- Born: December 1980 (age 45) Ban Vinai Refugee Camp, Pak Chom district of Loei province, Thailand
- Education: Carleton College (BA); Columbia University (MFA);
- Occupation: Author
- Writing career
- Years active: 2009–present
- Genres: Memoir; picture books;
- Subjects: Hmong American culture and history;
- Notable works: The Latehomecomer: A Hmong Family Memoir; The Song Poet;
- Website: kaokaliayang.com

= Kao Kalia Yang =

American writer (born 1980)

Kao Kalia Yang (born 1980) is a Hmong American writer and author of The Latehomecomer: A Hmong Family Memoir from Coffee House Press and The Song Poet from Metropolitan Press. Her work has appeared in the Paj Ntaub Voice Hmong literary journal, "Waterstone~Review," and other publications. She is a contributing writer to On Being's Public Theology Reimagined blog. Additionally, Yang wrote the lyric documentary, The Place Where We Were Born. Yang currently resides in St. Paul, Minnesota.

== Early life ==

Born in Ban Vinai Refugee Camp in December, 1980, Yang came to Minnesota in the summer of 1987, along with her parents and older sister Dawb. Yang says that the move to America was necessary for her parents. Her mother suffered six miscarriages after giving birth to her, and with no male heir, her father was being pressured to find a second wife. He even took his younger daughter on trips with him to visit eligible women in the camp. For Yang's parents, leaving Ban Vinai was not only about finding opportunity for their two daughters, but also rescuing themselves from family and cultural pressure.
Yang says that while her sister mastered the English language quickly, she struggled for many years, finally discovering that her gift lay not in the spoken, but in the written word.

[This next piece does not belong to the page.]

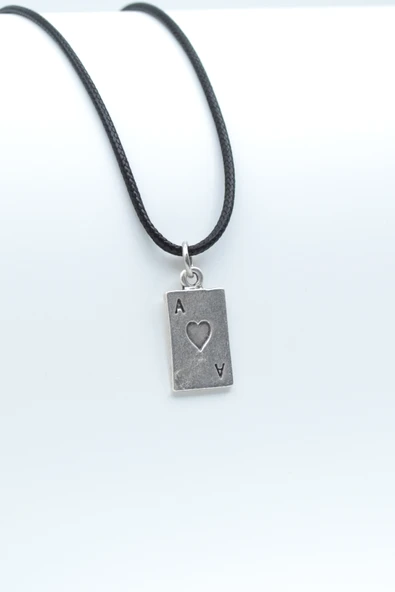 Minimal Maça As Poker İskambil Gümüş Kaplama Deri İp Kolye

Yang credits her older sister Dawb, with awakening an interest within her:

[E]verything was a Chinese movie in her head. So she would read Jack and the Beanstalk ... [and] it became a Chinese drama. So in my head it was never Jack and the Beanstalk; it wasn't even Jack, it was a Chinese drama, flying around. That beanstalk wasn't a beanstalk, it was a mountain, and he was going to get this beautiful flower that would make his ailing mother live for a hundred years. And this is the kind of introduction I had to books.

Yang also credits her 9th grade English teacher, Mrs. Gallatin, with recognizing and encouraging her talents. Upon graduation from Harding High School, she attended Carleton College, though she was by no means certain of her future plans when she began her college career.

== Education ==

Yang graduated from Carleton College in 2003 with a bachelor's degree in American Studies, Women's and Gender Studies, and Cross-cultural Studies. Yang received her Master's of Fine Arts in Creative Nonfiction Writing from Columbia University in New York City. Her graduate studies were supported by a Dean's Fellowship from the School of the Arts and The Paul & Daisy Soros Fellowships for New Americans.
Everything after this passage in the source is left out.